Первые дни они жили одни в Кинта Сапатер; прислуживали им старый арендатор Мартина Тадео и его жена Фаррука. Тадео был человек меланхоличного нрава и необыкновенно набожен; он часами сидел молча, с закрытыми глазами, погруженный в молитву или созерцание Божественных истин. Фаррука отличалась более умеренной, мечтательной набожностью. Она объявила себя «esclava de la Santísima Trinidad» – рабой Пресвятой Троицы, ее духовник выдал ей письменное подтверждение благословения Пресвятой Троицы. Фаррука взяла на себя послушание – служить находившейся в ее комнате восковой статуе Пресвятой Девы Марии: она аккуратно меняла цветы и возжигала свечи перед образом Богоматери, творила в определенные часы определенные молитвы, меняла Ее облачение в соответствии со временем года и с церковным календарем; на ночь надевала Ей ночную рубаху. Кроме того, она еженедельно выплачивала своему духовнику – как представителю Пресвятой Троицы – четыре реала.

Мартин говорил мало, но постоянно был рядом с Франсиско. Тот скоро заметил, что его друга мучает сильный кашель. Фаррука уже давно уговаривала его обратиться к врачу. Но Мартин не желал тратить время на свою простуду, к тому же он, как и Франсиско, по старой испанской традиции презирал «цирюльников».
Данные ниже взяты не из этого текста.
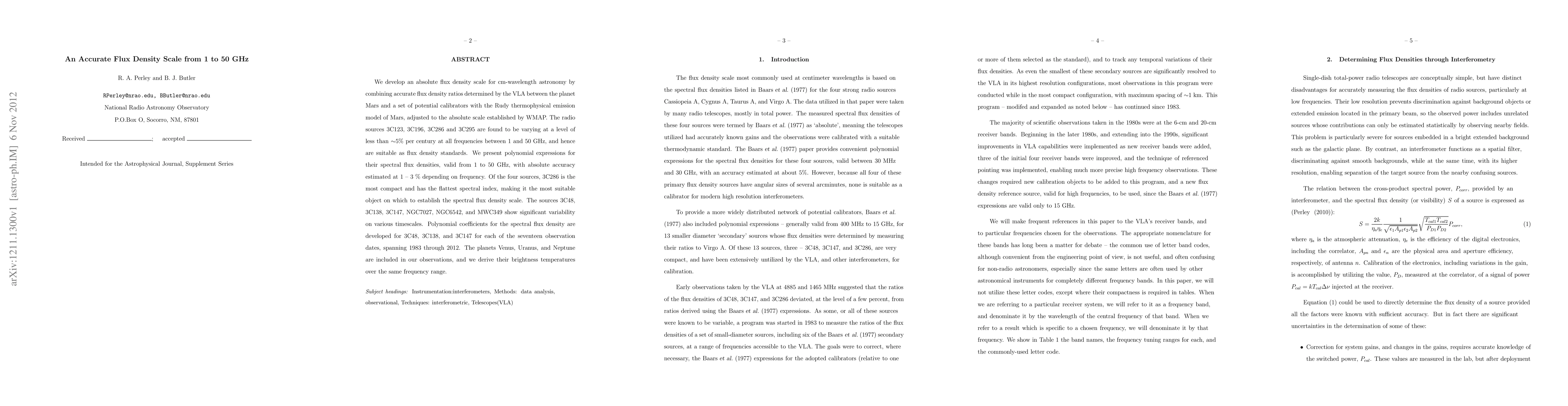 We develop an absolute flux density scale for cm-wavelength astronomy by combining accurate flux density ratios determined by the VLA between the planet Mars and a set of potential calibrators with the Rudy thermophysical emission model of Mars, adjusted to the absolute scale established by WMAP. The radio sources 3C123, 3C196, 3C286 and 3C295 are found to be varying at a level of less than ~5% per century at all frequencies between 1 and 50 GHz, and hence are suitable as flux density standards. We present polynomial expressions for their spectral flux densities, valid from 1 to 50 GHz, with absolute accuracy estimated at 1-3% depending on frequency. Of the four sources, 3C286 is the most compact and has the flattest spectral index, making it the most suitable object on which to establish the spectral flux density scale. The sources 3C48, 3C138, 3C147, NGC7027, NGC6542, and MWC349 show significant variability on various timescales. Polynomial coefficients for the spectral flux density are developed for 3C48, 3C138, and 3C147 for each of the seventeen observation dates, spanning 1983 through 2012. The planets Venus, Uranus, and Neptune are included in our observations, and we derive their brightness temperatures over the same frequency range.

Франсиско настоял на том, чтобы Мартин не оставлял своих дел в городе, заявив, что тот вовсе не обязан опекать или развлекать его. Когда друг уезжал, к Гойе приходила Фаррука. Она не умела писать, и объясняться с ней было нелегко, но, будучи настолько же терпеливой, насколько болтливой, добрая женщина почитала своим долгом утешать несчастного глухого господина и засыпа́ть его советами. От нее Гойя узнал, например, о Педро Састре, внуке знаменитого Браулио Састре, соборного ламповщика, у которого в свое время отросла отрезанная нога, потому что он целый год мазал обрубок освященным маслом из лампады, горящей перед Девой Марией дель Пилар. Внук его тоже обладает большой целительной силой и не раз совершал чудесные исцеления. Правда, к нему не подступиться. Но такого господина, как дон Франсиско, он, уж верно, примет, и она рассказала ему, как его найти. Франсиско помнил, как в детстве иногда с робостью проходил мимо дома этого Педро Састре; теперь он уже, наверное, древний старец.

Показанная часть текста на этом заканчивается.